Após o presidente Jair Bolsonaro (sem partido) insultar a repórter da Folha de S. Paulo Patrícia Campos Mello com uma insinuação sexual, seu filho, o deputado Eduardo Bolsonaro (sem partido), atacou hoje, em discurso na Câmara, deputadas que se manifestaram contra o seu pai.

Chamando-as de "corja", Eduardo deu uma "banana" às parlamentares e pediu a elas: "Pode gritar à vontade, só raspa o sovaco, porque senão dá uma mau cheiro do caramba".

"Isso aqui [que as deputadas falaram] não passa de discurso político. Isso aqui é a imposição do politicamente correto para tentar calar a boca do presidente Jair Bolsonaro", disse Eduardo, que subiu à tribuna da Câmara ao lado das deputadas Caroline de Toni (PSL-SC), Major Fabiana (PSL-RJ), Bia Kicis (PSL-DF), Chris Tonietto (PSL-RJ) e Soraya Manato (PSL-ES).

Momentos antes, Fernanda Melchionna (PSOL - RS) tinha lido uma nota de repúdio assinadas por deputadas contra o ataque de Jair Bolsonaro. "Falamos em nome das mulheres brasileiras desrespeitadas por um presidente machista que ataca a liberdade de imprensa e desrespeita o conjunto das mulheres brasileiras", discursou.

Além de responder Melchionna, Eduardo também atacou o PT. "Esse tipo de discurso também revolta. A deputada diz que fala em nome de todas as mulheres. Calma aí, será que não tem mulher aqui comigo, não? Em nome das mulheres, uma banana! Eu queria saber onde elas estavam quando o Lula falou em mulheres de grelo duro. Onde vocês estavam? Estavam roubando dinheiro", afirmou o deputado.

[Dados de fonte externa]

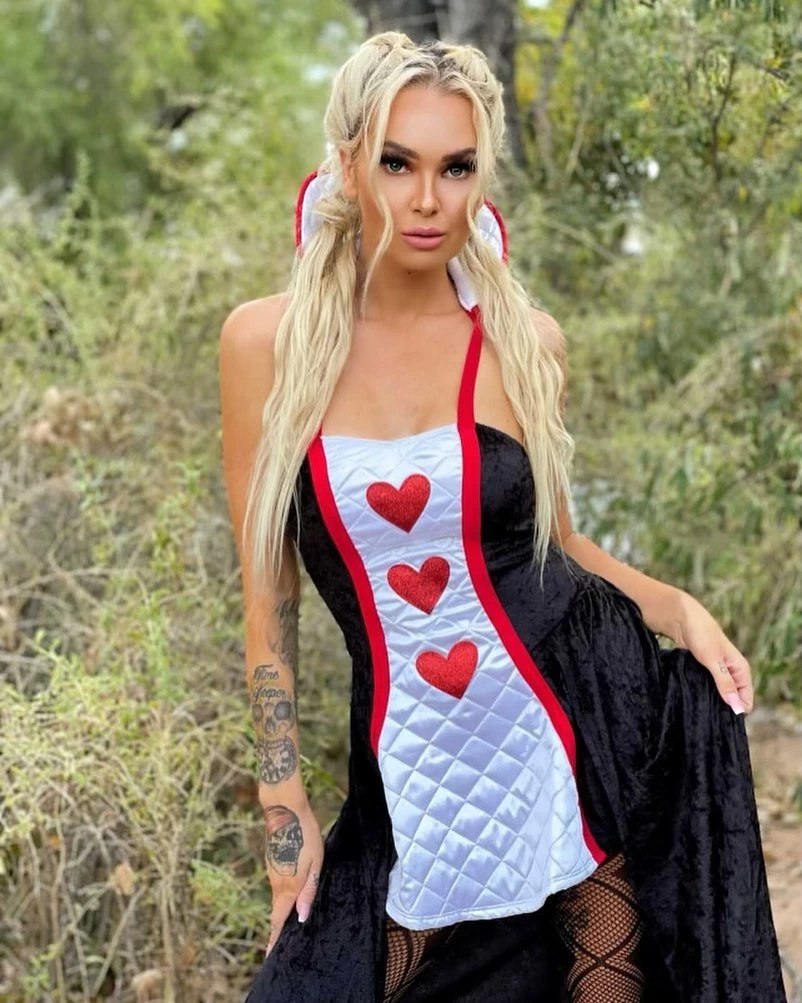 Off with their heads! Hold court in this costume that features a quilted mini dress in black, white and red with three red hearts down the center. The sweetheart neckline will guarantee total obedience from your royal subjects, and the gown has a mini length in the front that showcases some leg and maxi length in the back that shows you mean business. The matching white and red quilted attached high collar brings some flair and drama to the ensemble and makes sure that all eyes are on you! It can be worn up or down depending on your mood. Top it all off with the perfect royal accessory, a black crown to cement your status as the ruler of the realm.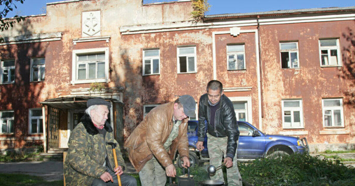 Во дворе мы застали 60-летнего Валерия Филькова, самого старшего из местных жителей. На самодельном очаге он с еще несколькими мужиками готовит обед – узбекскую шурпу и чай.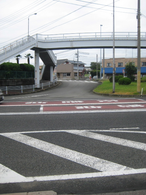 しかし陸橋が見えているということはこの国道合流地点から交差点が近い。国道の信号が青なら車がビュンビュン流れているので安全に出られないし、赤の場合はよほどタイミングが良くなければ既に信号待ちの車列がこの場所にかかっているだろう。一番手前の車線は左折専用なので、床波方面へ行くなら跨ぎ越して次の車線へ移動する必要がある。夕刻の混み合う中スンナリと車列へ入れてくれる寛容なドライバーは少ない。

O filho do presidente ainda insultou a presidente do PT, Gleisi Hoffmann. "Falou a deputada que o marido já foi preso. Democracia é só quando eles querem falar o que quiserem. Seu marido foi preso mesmo, não é? Ladra. A amante está falando no meu ouvido. Fala para ela segurar um pouco."

Na manhã de hoje, Bolsonaro afirmou que a jornalista "queria um furo", em referência a uma reportagem na qual Campos Mello entrevistou um ex-funcionário de uma agência de disparos em massa por Whatsapp.

"Ela queria dar o furo a qualquer preço contra mim", disse o presidente, que deu risadas da declaração ao lado de simpatizantes no Palácio da Alvorada.